COPENHAGEN/STOCKHOLM — More Koran burnings took place in Sweden and Denmark on Monday as the governments of the two Nordic countries said they were examining ways to legally limit such acts in a bid to reduce rising tensions with several Muslim countries.
Denmark and Sweden have seen several protests in recent weeks in which copies of the Koran have been burned or damaged, sparking outrage in Muslim countries and demanding that Nordic governments end the burnings.
The Danish government said on Sunday that it would seek to find a “legal tool” that could allow the authorities to intervene in such protests, if it is deemed to carry “significant negative consequences for Denmark, especially with regard to security.”
“The fact that we are signaling both in Denmark and abroad that we are working on it will help reduce the problems we are facing,” Foreign Minister Lars Lokke Rasmussen told reporters after a meeting with the presidents of parliament’s foreign policy on Monday.
“It’s not because we feel pressured to do it, but it is our political analysis that is in the best interest of all of us,” Rasmussen said. “We shouldn’t just sit back and wait for this to blow up.”
Even so, Quran burnings took place in both countries on Monday. In Stockholm, an Iraqi refugee behind several protests in recent weeks appeared to burn a copy of the Koran in front of the Swedish parliament. In Denmark, anti-Muslim protesters burned the Koran outside the Saudi Arabian embassy in Copenhagen.
The Nordic countries have deplored the burning of the Koran, but cannot prevent it under constitutional laws protecting free speech.
However, both governments have now said they are considering legal changes that would allow authorities to prevent further burning in special situations.
The Swedish government said this month it is examining a similar solution, but right-wing parties in both countries have denounced the moves, with some saying freedom of expression cannot be compromised.
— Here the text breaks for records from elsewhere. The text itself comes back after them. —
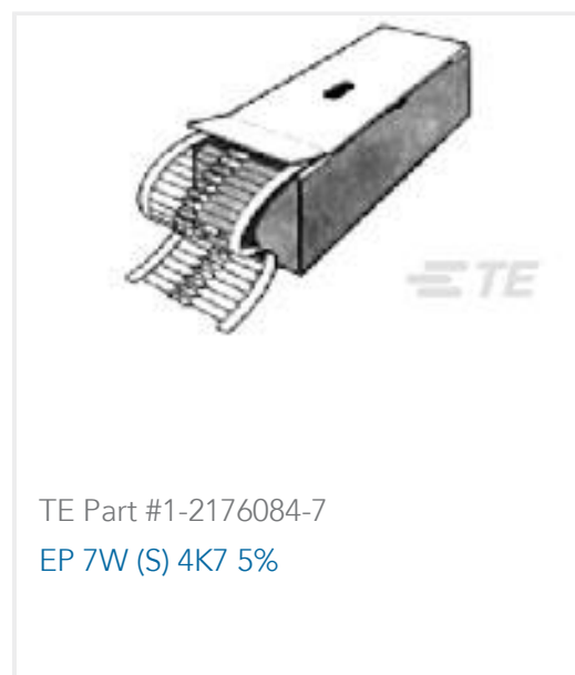
TE Part #1-2176084-7 EP 7W (S) 4K7 5%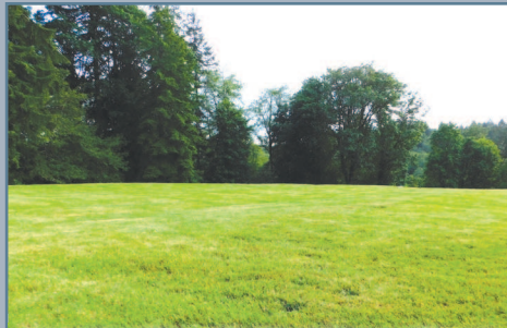
Imagine Your Perfect Home Here!

1.06 Acres Offered at $115,000 Surveyed Septic Approved Utilities Available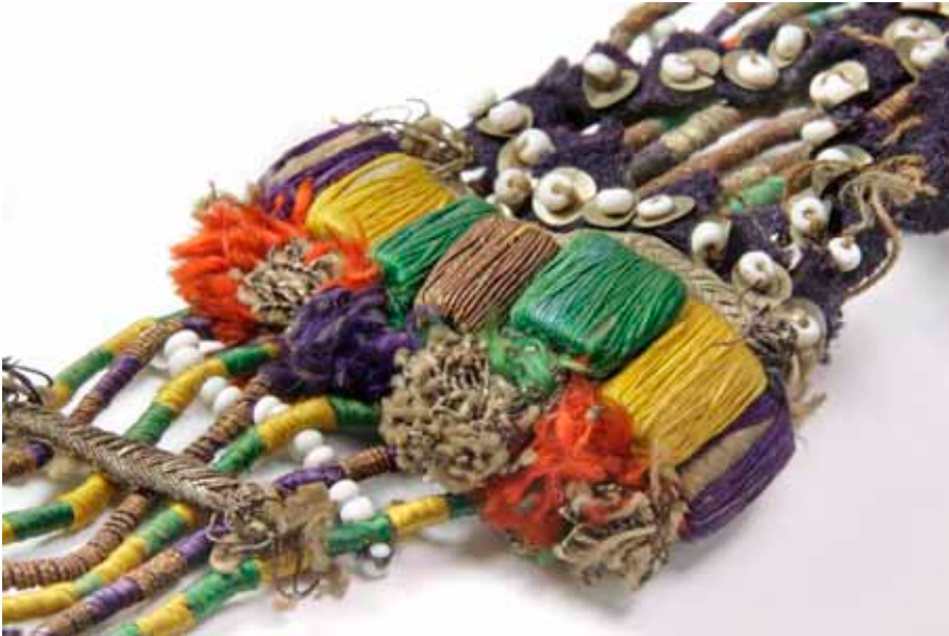
Braid from the former Yugoslavia. Ethel Mairet source collection, Crafts Study Centre 2004.202.37

Swedish Foreign Minister Tobias Billstrom said on Monday he had sent letters to all 57 countries of the Organization of Islamic Cooperation (OIC) explaining Sweden’s right of assembly and condemning Islamophobic acts.
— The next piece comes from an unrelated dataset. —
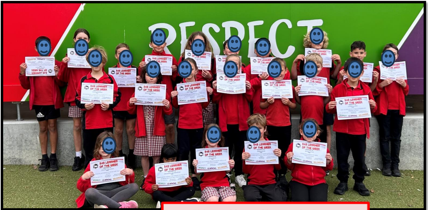
This Week's Weekly Award Winners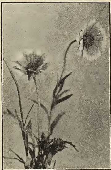
Layia elegans —"Tidy Tips"

Phacelia tanacetifolia . "Wild Heliotrope." Annual, 1½ to 2½ feet high. Flowers lavender blue. Pkt., 10c; oz., 35c; lb., $4.00.

OIC foreign ministers met in an extraordinary session on Monday to discuss recent events in which they strongly condemned the Quran burnings.
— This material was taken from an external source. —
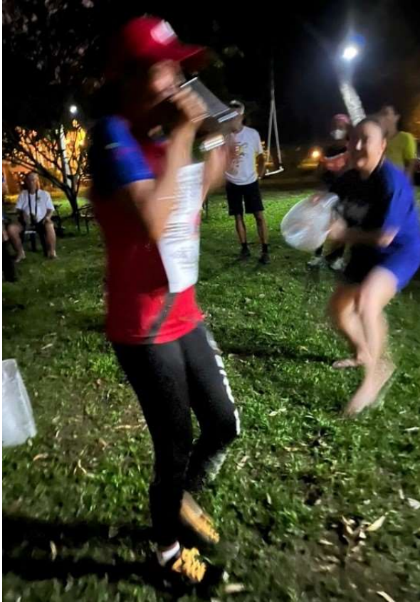
Soaking Bushy with ice cold water!

He also said in a statement after the meeting ended that he urged member states to take appropriate measures, whether political or economic, in countries where the Quran is being desecrated.
After the meeting, Billstrom and his Danish counterpart Rasmussen wrote separately on X, formerly Twitter, that they would continue their dialogue with the OIC.
Billstrom also wrote in his post that Sweden would carefully study the resolutions and recommendations made by the OIC.